### ACTIVITY
Only one stretch of the data should be retyped: the lines from the line containing "J Crew Pants" through the line containing "Bånd i 14K guld". Keep pictures out of it.

### SOURCE DATA
————————
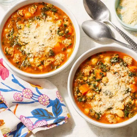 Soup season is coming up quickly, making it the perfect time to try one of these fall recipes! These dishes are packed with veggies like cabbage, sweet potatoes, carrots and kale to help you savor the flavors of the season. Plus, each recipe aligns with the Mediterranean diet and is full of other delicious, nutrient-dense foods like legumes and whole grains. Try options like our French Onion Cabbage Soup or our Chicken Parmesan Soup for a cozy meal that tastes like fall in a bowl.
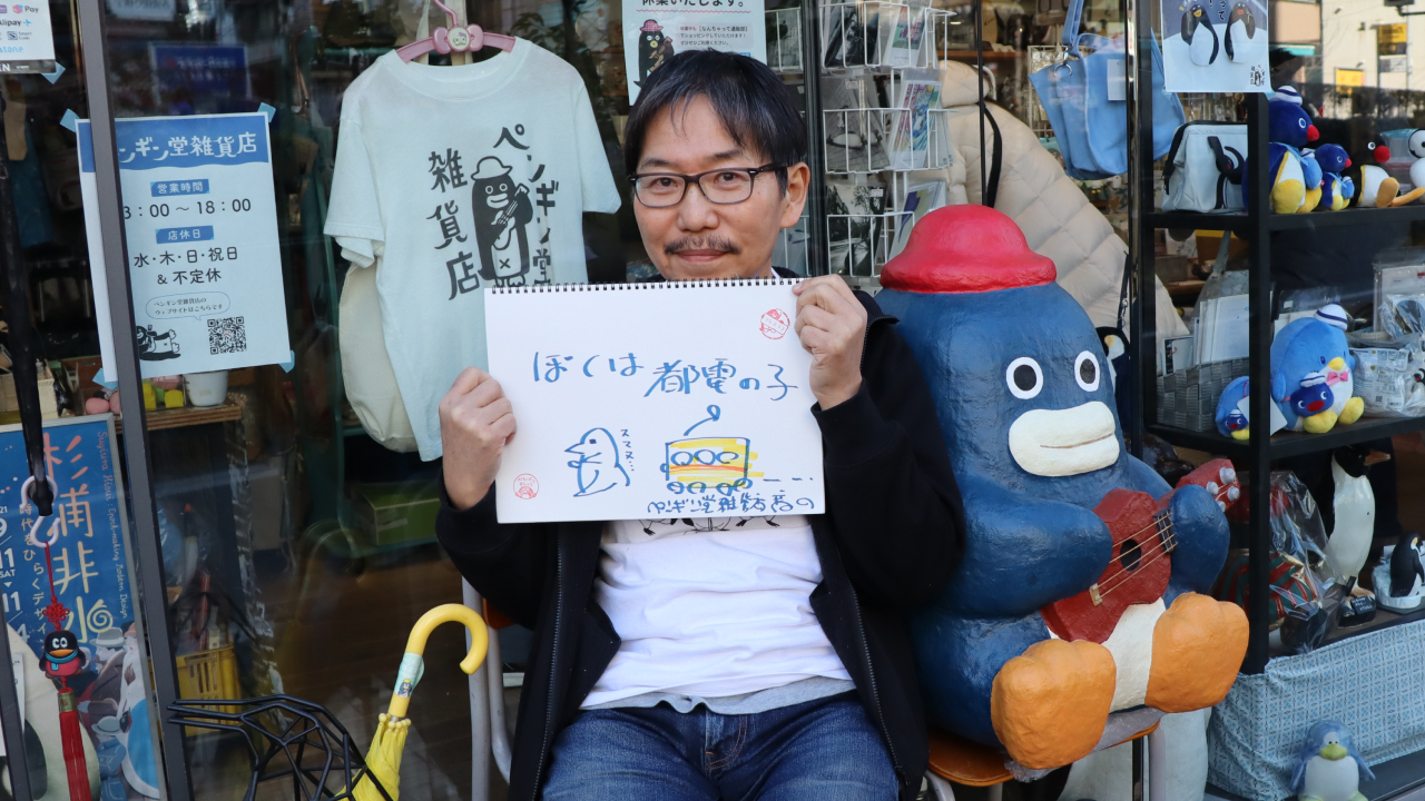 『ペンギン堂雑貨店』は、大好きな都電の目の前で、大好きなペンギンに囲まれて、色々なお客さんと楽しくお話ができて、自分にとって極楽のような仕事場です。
————————
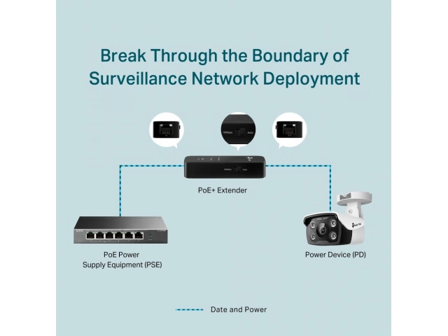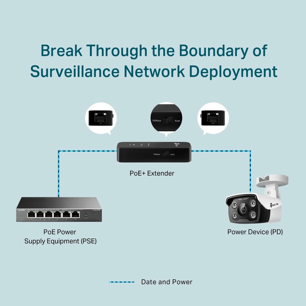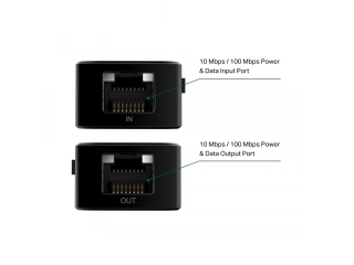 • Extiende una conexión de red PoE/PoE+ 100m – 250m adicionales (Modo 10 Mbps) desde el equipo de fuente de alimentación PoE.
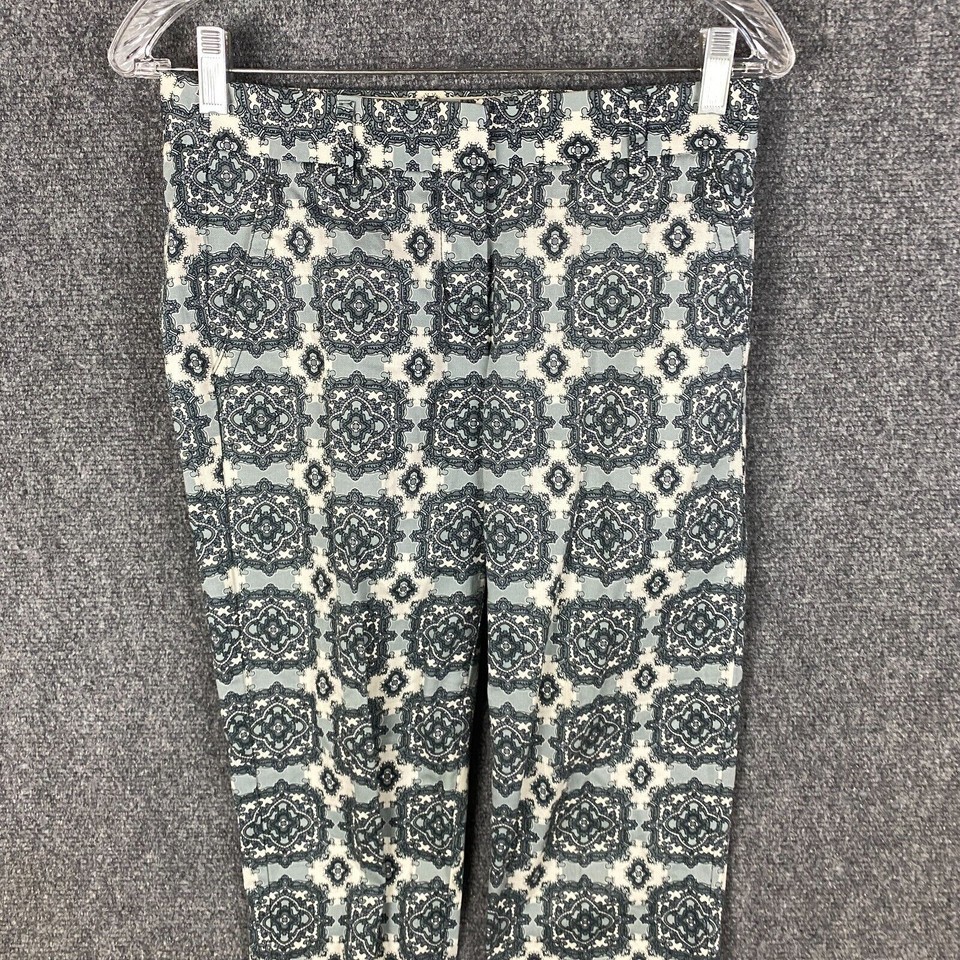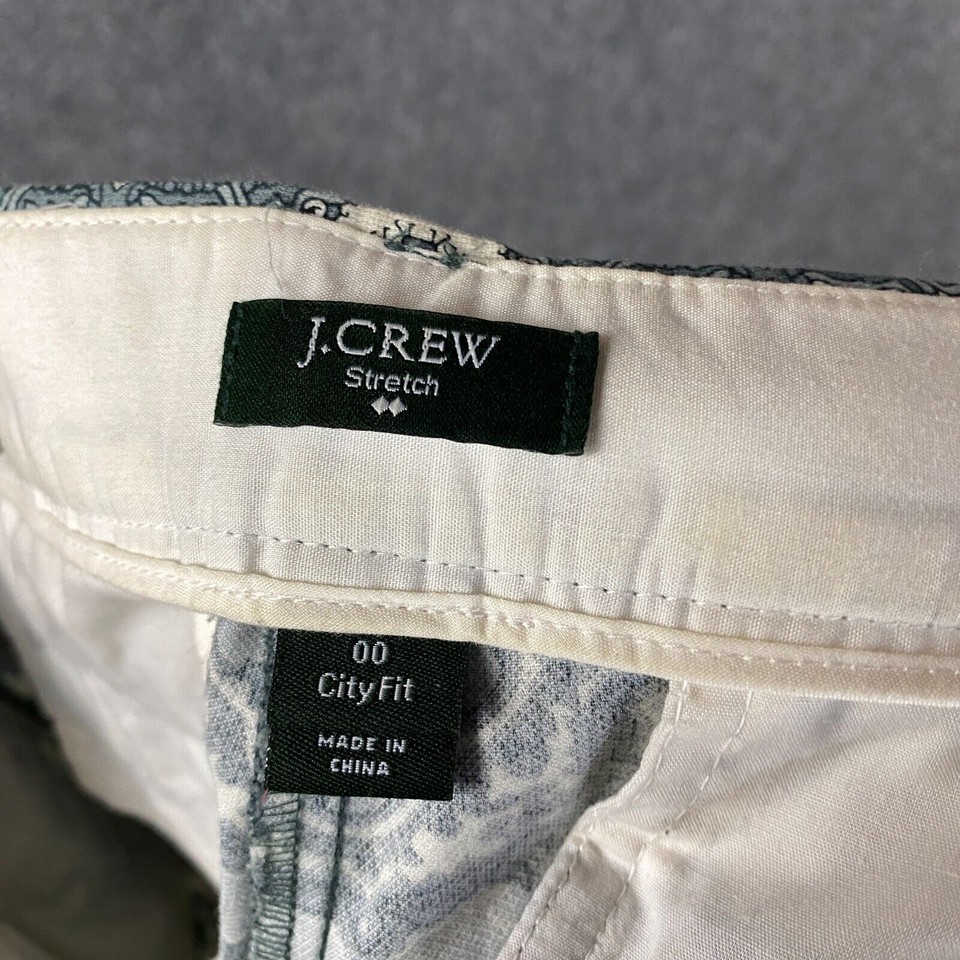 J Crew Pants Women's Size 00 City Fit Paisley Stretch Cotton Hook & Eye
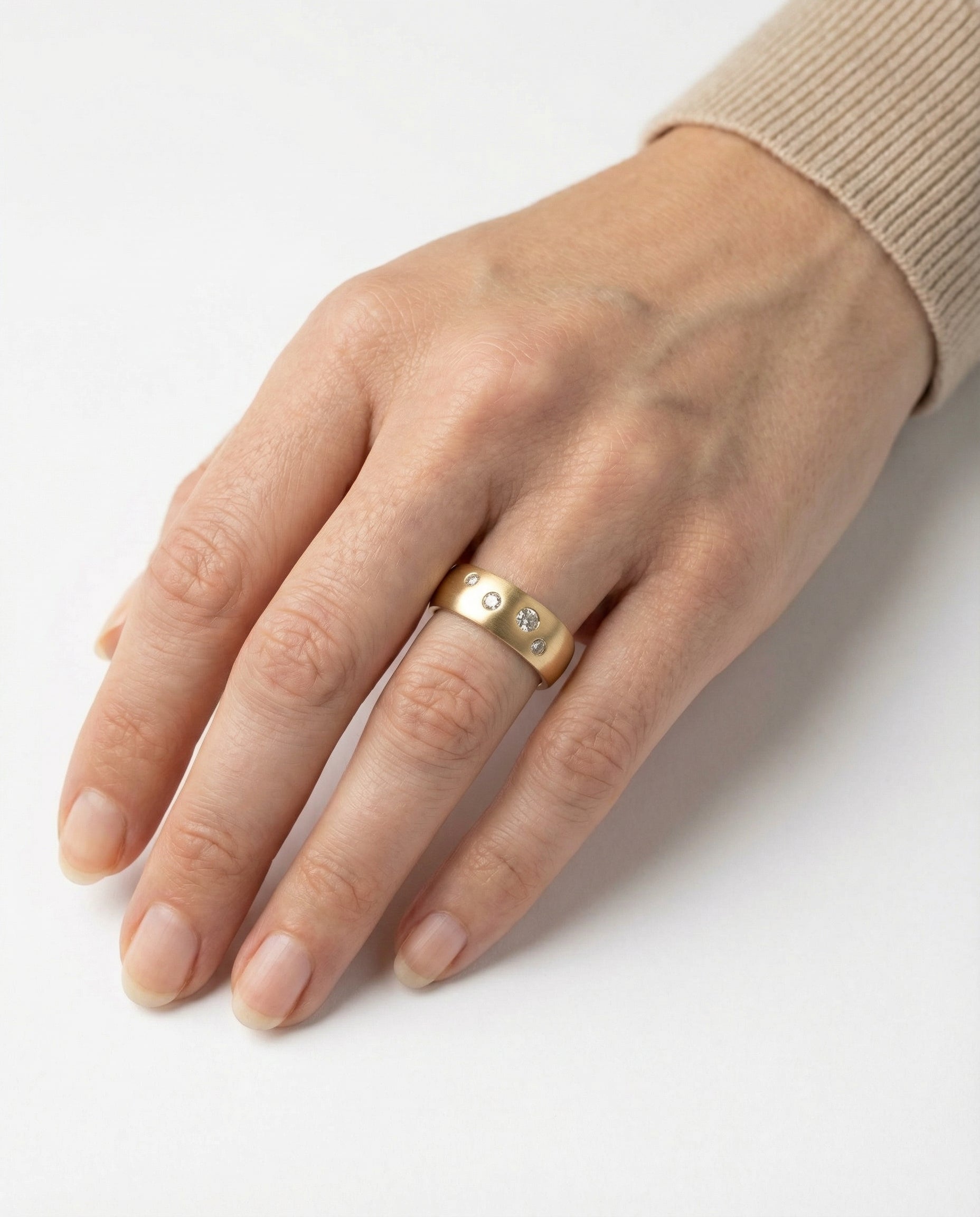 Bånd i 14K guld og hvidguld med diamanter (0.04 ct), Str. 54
————————
### TASK SOLUTION
 J Crew Pants Women's Size 00 City Fit Paisley Stretch Cotton Hook & Eye
 Bånd i 14K guld og hvidguld med diamanter (0.04 ct), Str. 54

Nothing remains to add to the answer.